Mutsuz olmak için milyonlarca sebep bulabilirsiniz: Ekonomi, ülkenin hali, küresel ısınma, gelecek kaygısı, iyi dönerin artık çok zor bulunması… Ama gülmek için çok sağlam bir sebep var. Hayattayız. Ve arabesk rap’çiler öyle düşünmese de hayat güzel ve yaşamaya değer! Bu elinizdeki kitap belki de sizin küçük çaplı ve hesaplı terapiniz. Kaybettiğinizi düşündüğünüz, oysa kanepe minderinin arasına kaymış neşeniz. Aklıma gelenlere kendi kendime güleceğime, dedim anlatayım da hep beraber gülelim. O zaman anlatıyorum…
İçindekiler
Başlarken ………………………………………………………………………………. 9
Siyasete girmeyeceğim, kolumdan çekiştirmeyin!………….. 11
Politikada yerel lezzetlerin yeri ve önemi ………………………. 17
Yeme içme sektörünün içyüzünü ifşalıyorum!……………….. 21
Yıllarca kendimi afet sandım, helal olsun özgüvenime! …. 27
Modaya inanma modasız da kalma! ………………………………. 43
Spora Olimpiyatlardan başladım ve zirvede bıraktım!…… 55
Eziklik deyince de ben!…………………………………………………… 63
Endoskopinin püf noktası: Ünlü bir sanatçının
vurulmadığı haftaya denk getirmek!…………………………. 71
Kızları da alın askere! …………………………………………………….. 79
Evlerdeki tüylü dostlarımız: Erkekler…………………………….. 89
Aşk meşk, flört, “çıkma” ve diğer baş belaları………………. 101
Orta yaşı yanaklarından öpüyorum!…………………………….. 115
Her şey mal mülk, her şey para pul! …………………………….. 123
Seri katil komşulardan kaçmanın yolları!……………………… 137
Tabiatla fazla samimiyet sakat iştir! ……………………………… 143
Pedagojinin (denenip başarılı olmuş) püf noktaları………. 159
“İçerik” nedir, ne değildir? …………………………………………… 171
Sette hayatın tadı çıkarılmaz, sadece hayatta kalınır!……. 179
Arabesk rap’i anlayıp dinleme kılavuzu ………………………. 189
Genç kalmak ve mutlu yaşamak için hızlandırılmış
bir kişisel gelişim kitabı! ………………………………………….. 195
Beni gözünüzde büyütmeyin!……………………………………………. 205
Başlarken
Restoranda boş bir masaya oturmak üzereyim. 60 küsur yaşlarında kalantor bir abi, beni gördü, hop, hızlı ve kararlı adımlarla karşıdan gelmeye başladı. Kaşları çatık. İfadeyi, hali tavrı görünce dedim ki eyvah, herhalde yanlışlıkla onun rezervasyonlu masasına çöktüm! Geldi, geldi… Bana eğildi. Tiyatrocu olsa en arka sıraya repliği duyurma konusunda sıfır problem yaşayacak, küçük tekneleri ve öğle rakısını seven, davudiliğine rağmen insülin dirençli ve reflülü sesiyle şöyle dedi: “Hanfendi gastede yazmayı bıraktınız, bakın ülke ne hale geldi!” Bana bakıp kafasını salladı, görevini yapmış bir edayla döndü gitti. A aa! Alışık değilim, azarlanınca lal olurum! O gece aklıma mükemmel cevaplar, nefis kapaklar gelir ve müteakip haftayı niye o bomba cevabı anında patlatmadığım konusunda hayıflanmakla geçiririm.

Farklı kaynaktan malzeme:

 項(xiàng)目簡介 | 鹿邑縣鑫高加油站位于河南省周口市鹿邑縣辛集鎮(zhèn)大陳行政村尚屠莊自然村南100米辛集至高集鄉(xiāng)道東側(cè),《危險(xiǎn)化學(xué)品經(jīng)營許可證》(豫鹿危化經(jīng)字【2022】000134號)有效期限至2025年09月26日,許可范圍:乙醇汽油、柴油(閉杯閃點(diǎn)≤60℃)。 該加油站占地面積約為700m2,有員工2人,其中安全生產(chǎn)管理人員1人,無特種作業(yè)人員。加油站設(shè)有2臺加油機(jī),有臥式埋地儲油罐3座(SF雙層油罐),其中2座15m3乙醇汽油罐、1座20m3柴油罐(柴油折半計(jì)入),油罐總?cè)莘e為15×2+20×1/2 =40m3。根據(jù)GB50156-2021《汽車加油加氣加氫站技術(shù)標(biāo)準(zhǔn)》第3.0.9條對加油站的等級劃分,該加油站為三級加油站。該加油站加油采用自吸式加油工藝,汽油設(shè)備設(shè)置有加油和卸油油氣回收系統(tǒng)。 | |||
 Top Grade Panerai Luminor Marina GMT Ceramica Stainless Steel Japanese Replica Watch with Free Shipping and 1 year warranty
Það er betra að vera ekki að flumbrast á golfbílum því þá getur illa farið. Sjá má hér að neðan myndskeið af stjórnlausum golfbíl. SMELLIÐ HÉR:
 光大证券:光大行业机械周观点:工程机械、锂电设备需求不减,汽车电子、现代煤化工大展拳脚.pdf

“Bakın ülke ne hale geldi” mi? Ben gazetede yazmıyorum diye mi bu hale geldi? Beni gözünüzde büyütüyor
olabilir misiniz biraz? Tek başıma bu kadarını yapmış
olamam beyefendi, belki başka birilerinin de biraz katkısı
vardır? Benden daha yetkili birilerinin mesela!
Bu olay son yerel seçimlerden önce oldu ve memleketin durumuna dair suçlu arayan bir serzenişti.

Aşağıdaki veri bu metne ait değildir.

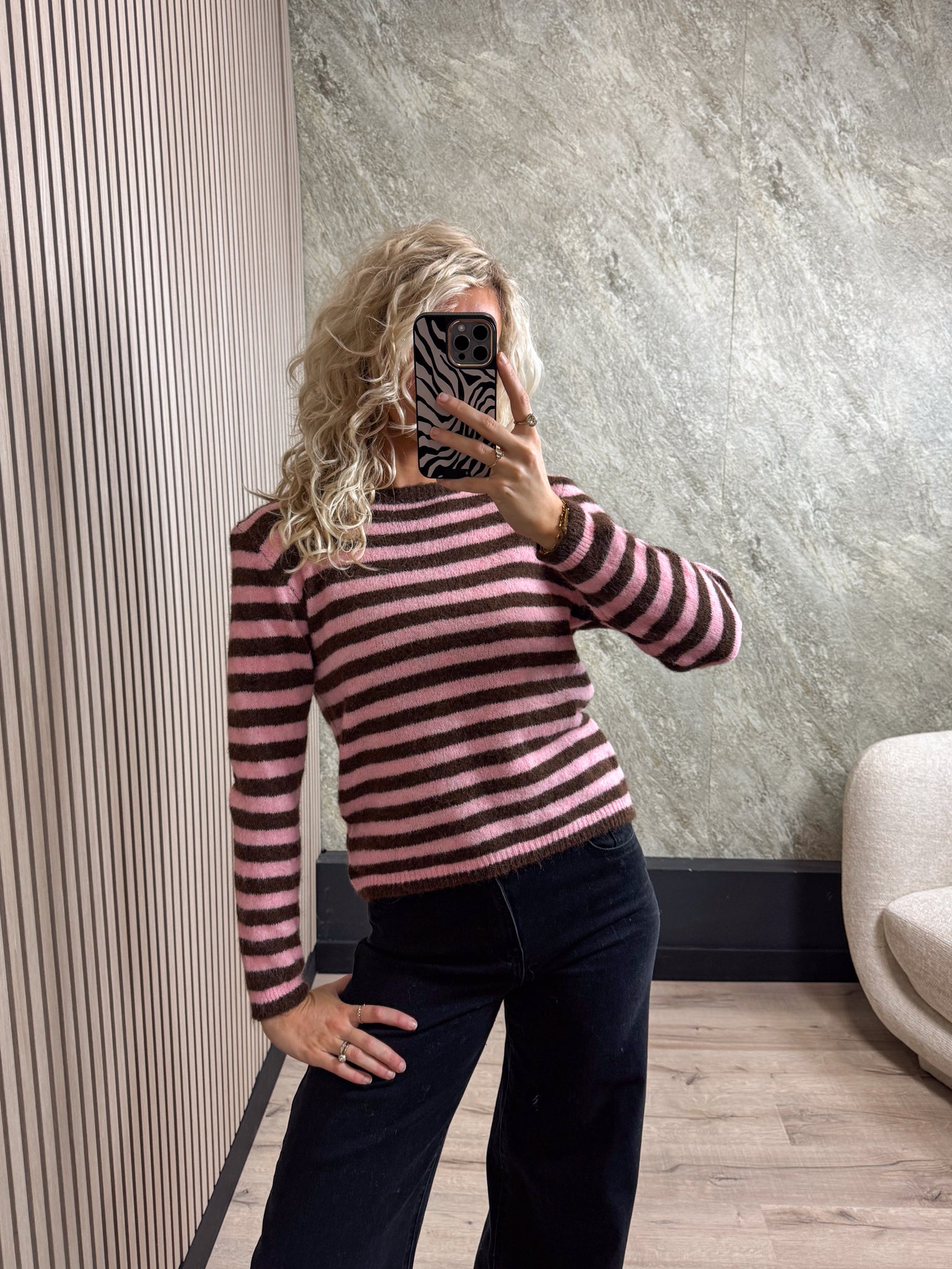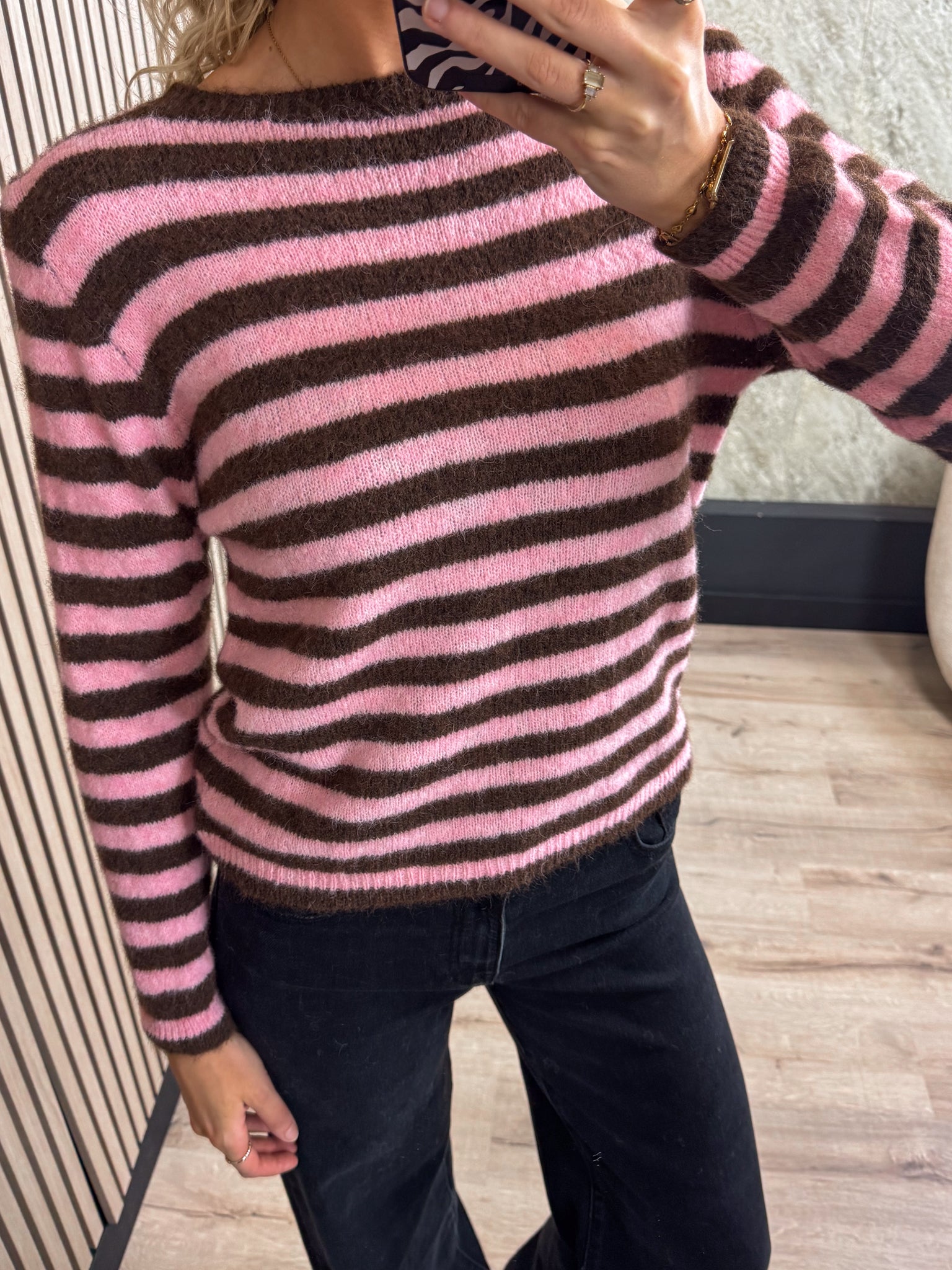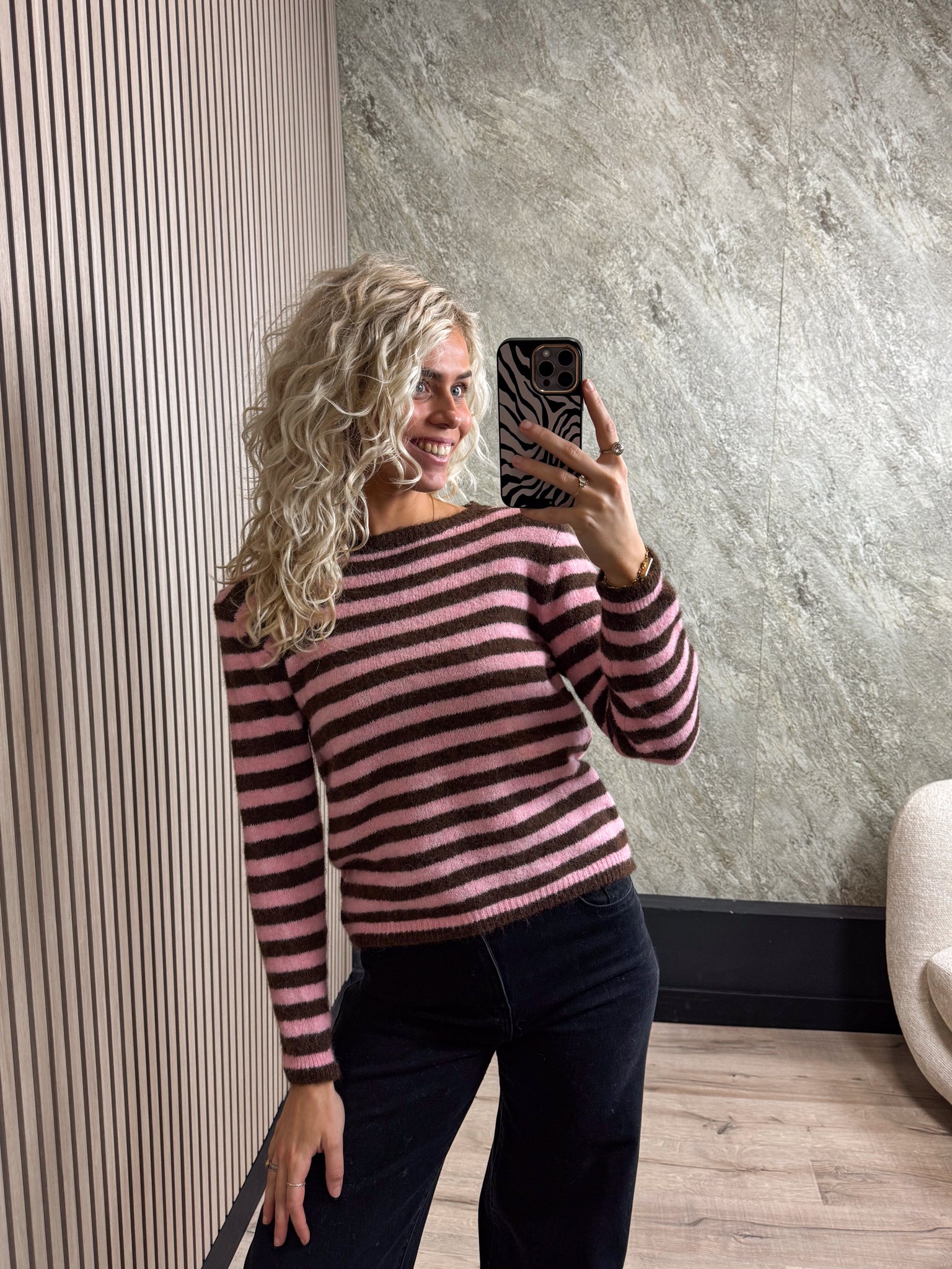 Deze trui is een echte musthave voor dit najaar! De trui heeft een stijlvolle ronde hals en een leuke strepen print.

Ama canım sevenlerime pek çok konuda selam verip
borçlu çıkarım.
“Bu hafta dizi niye ara verdi, çekemediniz mi bari kısa
bir şey?” (Kısa bir şey?)
“Bak size bedava fikir, Burhan’ın filmini yapın.” (Şeytanın aklına gelmez!)

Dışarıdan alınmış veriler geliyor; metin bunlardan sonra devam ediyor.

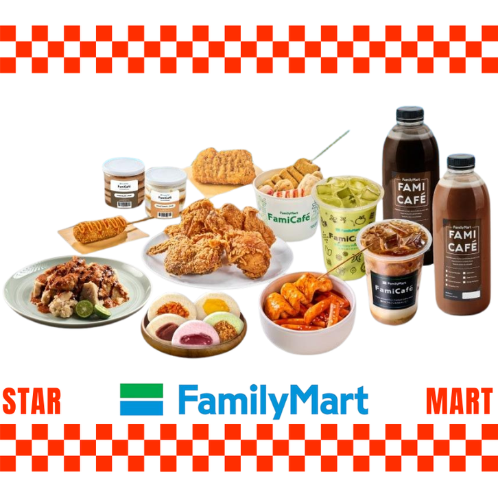 Ice Ruby Cashew Latte-OL, Ice Kopi Susu Keluarga-OL, Ice Kopsus Cashew-OL, Ice Dolce Latte-OL, Es Kacang Hijau-OL, Ice Chocolate Cashew-OL, Es Ketan Hitam-OL, Ice Matcha Cashew-OL, Ice Green Tea Latte-OL, Ice Premium Chocolate-OL, Ice Creamy Hazelnut Latte-OL, Ice Vanilla Latte-OL, Ice Cafe Latte-OL, Ice Cappucino-OL, Ice Americano-OL, Ice Brown Sugar Fresh Milk Tea Bubble-OL, Ice Brown Sugar Fresh Milk Bubble-OL, Hot Kopi Susu Keluarga-OL, Hot Green Tea Latte-OL, Hot Premium Chocolate-OL, Hot Dolce Latte-OL, Hot Vanilla Latte-OL, Hot Latte-OL, Hot Cappucino-OL, Hot Americano-OL, Ice Lemon Yakult-OL, Menu Request FamilyMart, Nasi Crispy Chicken A OL, Nasi Crispy Chicken B OL, DUO Crispy Chicken OL, Paket Crispy Chicken Hot & Spicy Dada-OL, Paket CC Hot & Spicy Dada Tulang-OL, Paket CC Hot & Spicy Paha Atas-OL, Paket CC Hot & Spicy Paha Bawah-OL, Paket Crispy Chicken Hot & Spicy Wing-OL, Paket Boneless CC Hot & Spicy-OL, Paket CC Korean Buldak Dada Tulang OL, Paket CC Korean Buldak Paha Bawah OL, Paket Crispy Chicken Buldak Cheese OL, Paket Nasi CC Honey Mustard Buldak OL, Nasi Crispy Chicken Gulai-OL, Pao Isi Ayam BBQ-OL, Pao Isi Salted Egg-OL, Pao Klepon, Pao Ayam Kecap Besar-OL, Pao Coklat Besar-OL, Pao Taro-OL, Siomay Ayam Udang (1 Pcs), Siomay Ayam Udang Goreng (1 Pcs), Siomay Ikan (1 Pcs), Tahu Pedas, Risoles Smoked, Sosis Guling Chili Mayo, Sosis Guling BBQ Mayo, Sosis Guling Cheese Buldak, Sosis Guling Honey Mustard Buldak, Tip Driver, Paket Oden Combo 3-OL, Paket Oden Combo 1-OL, Paket Oden Combo 2-OL, Tteokbokki-OL, Cheesebokki-OL, Coffee Pudding-OL, Pudding Coffee Jelly-OL, Kaastangel Cake-OL, Strawberry Short Cake-OL, Tiramisu Cake-OL, Chocolate Cake-OL, Combo SUPER A-OL, Combo SUPER B-OL, Combo SUPER DUO-OL

“Aile Arasında’dan bir tane daha çekin, döndüre döndüre ezberledik artık. Bir haftada yazarsınız, böyle boş
duracağınıza!” (Boş duracağıma mı? Ve bir haftada mı?)
Hatta “Sizin yüzünüzden gülemiyoruz” diye iltifatımsı başlayıp, “Dizi yok, film yok, kitap yok, burada
laylay gezinmeyi biliyorsunuz ama!”ya varan fırçalar.
İşe gelmemiş çalışanını gündüz saati barda yakalamış patron otoriterliği var benim kitlede! Sokağa çıkmaya korkar oldum vallahi.
Niye yazmıyorsun? Niye güldürmüyorsun? Ne yapıyorsun bütün gün?
Peki o zaman kıymetli mizahsever…
Aha yazdım!
Buyurun okuyun, birlikte neşemizi bulalım!
Gülse Birsel, Mayıs 2024
Siyasete girmeyeceğim, kolumdan
çekiştirmeyin!
Sizce ben Ankara’da yaşayıp sabah erken kalkacak, döpiyes ve ucu yuvarlak kısa topuklu kadın siyasetçi ayakkabısı giyecek bir tip miyim? Beni üzüyorsunuz! Memleketi Ben Kurtaracağım diye kitabım var ya, diyorum ki belki de o yanlış anlaşıldı. Bu cümle gerçek bir vaat değildi sevgili vatandaşım! Özellikle son 10-15 yıldır Cumhuriyet ve laikliğin muhafızı gibi görülmeye başlandım. Güzel. Elbette ben de her vatansever de, zaten duruş olarak öyleyiz. Sosyal medyada slogan atmayı sevmem. Başkasının sloganına, hashtag’ine katılmaktan da hoşlanmam. Zira şükür elim kalem tutuyor. Bunların yerine yıllarca gazetede yazarak anlattım derdimi. Tabii sadece okuma alışkanlığı olan okudu, o ayrı.
Ama benden beklenen, duruş veya demin anlattığım öğle rakısı abi gibi gazete yazısı değil, aktif siyasete uçan tekmeyle giriş! Derhal (artık cumhurbaşkanlığı mı olur, parti başkanlığı mı) siyasi bir pozisyona adaylığımı koymam, döpiyesimi giyip hızlıca sığınmacıları, ekonomiyi, laikliği, demokrasiyi, hukuku filan çözüp ülkeyi kurtarmam, akşamına da en az 180 dakikalık çok komik bir diziyle neşeleri yerine getirmem bekleniyor.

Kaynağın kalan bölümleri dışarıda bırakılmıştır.